**RAW DATA:**

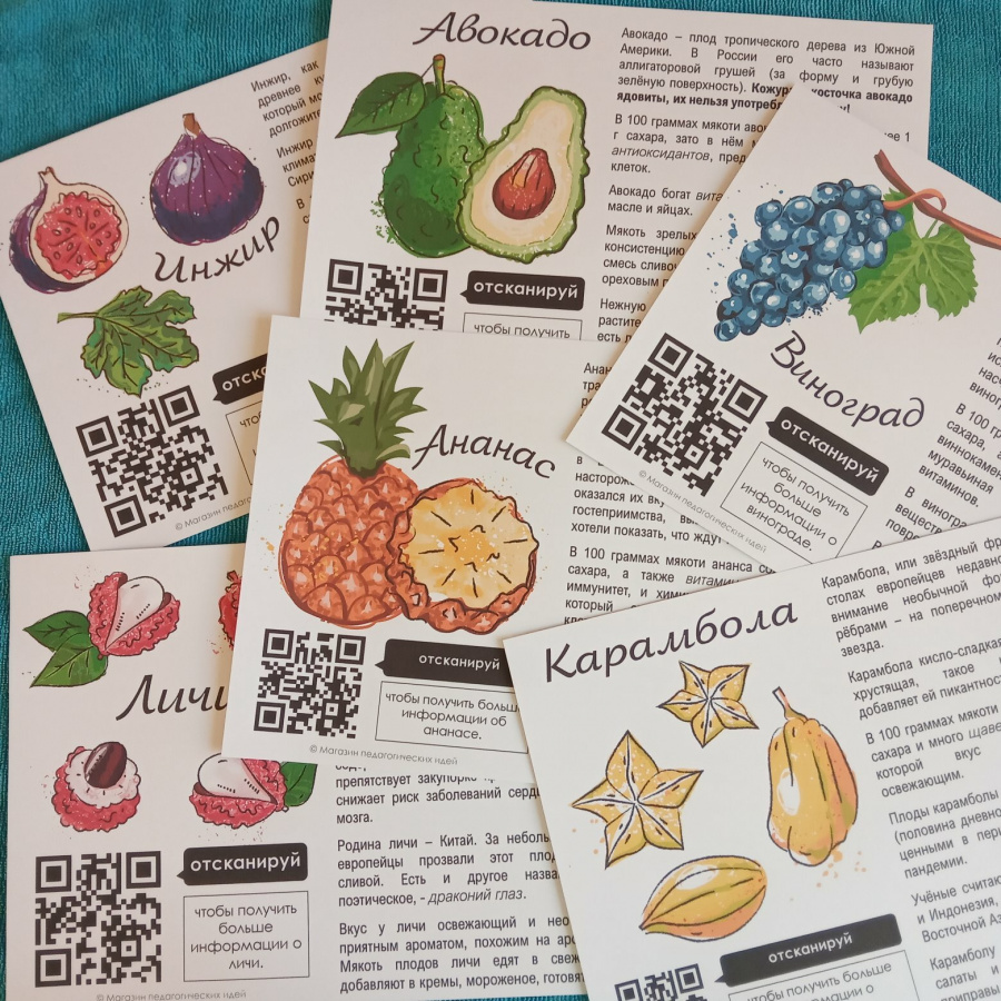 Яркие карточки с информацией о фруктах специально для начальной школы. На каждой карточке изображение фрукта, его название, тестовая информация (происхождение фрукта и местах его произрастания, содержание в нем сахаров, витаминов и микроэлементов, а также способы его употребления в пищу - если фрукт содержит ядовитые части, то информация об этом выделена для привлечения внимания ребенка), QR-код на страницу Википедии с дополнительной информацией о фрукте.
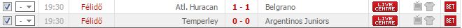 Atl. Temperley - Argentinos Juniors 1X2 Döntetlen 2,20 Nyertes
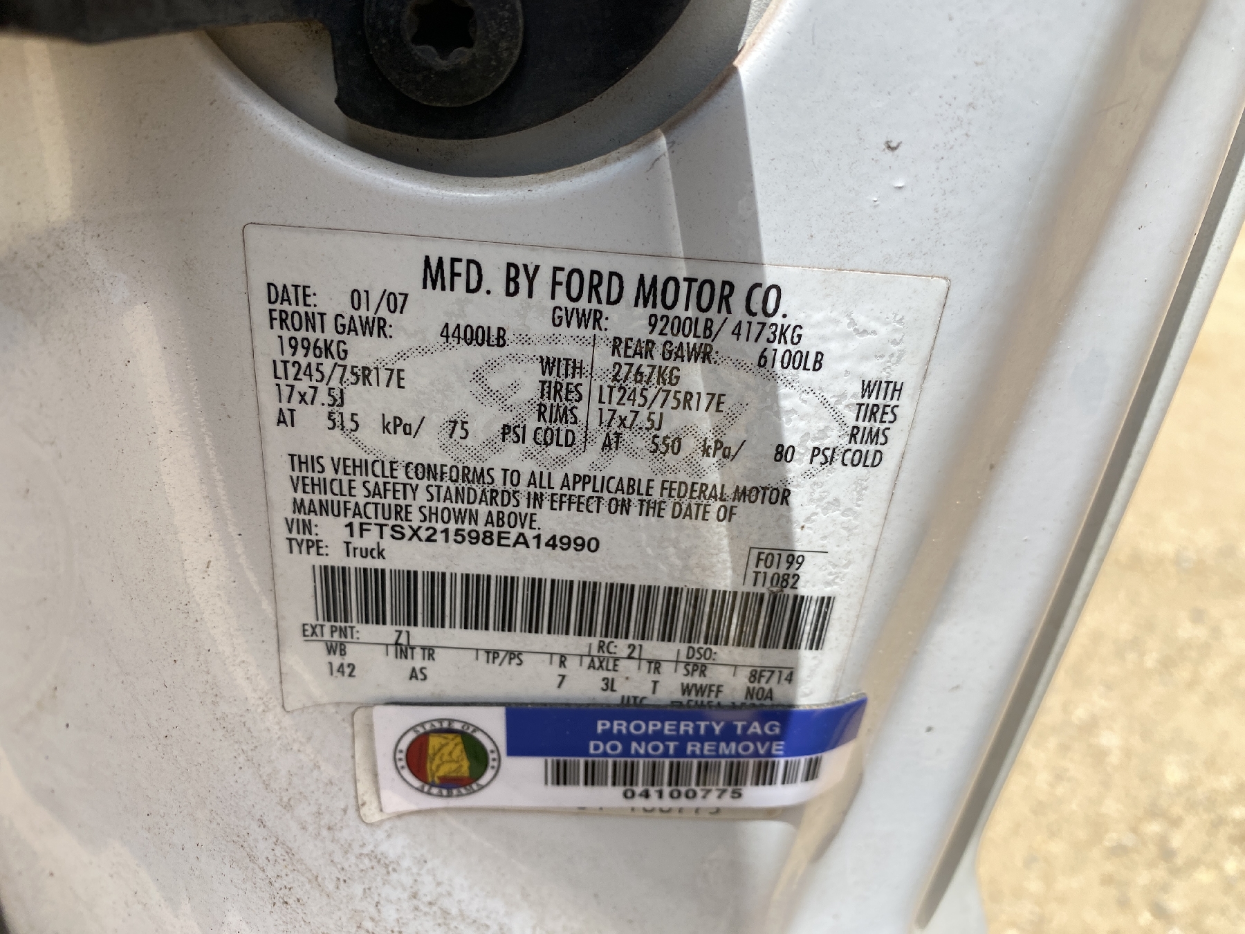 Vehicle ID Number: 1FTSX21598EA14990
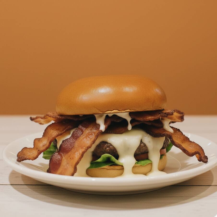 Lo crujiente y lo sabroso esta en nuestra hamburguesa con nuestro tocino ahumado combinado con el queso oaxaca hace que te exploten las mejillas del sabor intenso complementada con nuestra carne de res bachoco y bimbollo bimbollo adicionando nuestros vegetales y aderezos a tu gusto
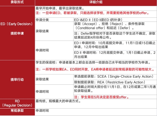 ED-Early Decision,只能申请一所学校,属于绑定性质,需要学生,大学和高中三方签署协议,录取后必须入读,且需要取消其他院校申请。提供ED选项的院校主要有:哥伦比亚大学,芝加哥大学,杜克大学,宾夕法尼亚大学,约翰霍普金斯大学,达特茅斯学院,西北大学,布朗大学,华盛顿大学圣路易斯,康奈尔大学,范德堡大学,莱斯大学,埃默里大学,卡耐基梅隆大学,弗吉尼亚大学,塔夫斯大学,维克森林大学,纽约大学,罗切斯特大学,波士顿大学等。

**THE TASK:**
Starting at the line containing "Atl. Temperley - Argentinos" and finishing at the line containing "Vehicle ID Number: 1FTSX21598EA14990", return those lines exactly as they appear above, without the pictures.

**YOUR SOLUTION:**
 Atl. Temperley - Argentinos Juniors 1X2 Döntetlen 2,20 Nyertes
 Vehicle ID Number: 1FTSX21598EA14990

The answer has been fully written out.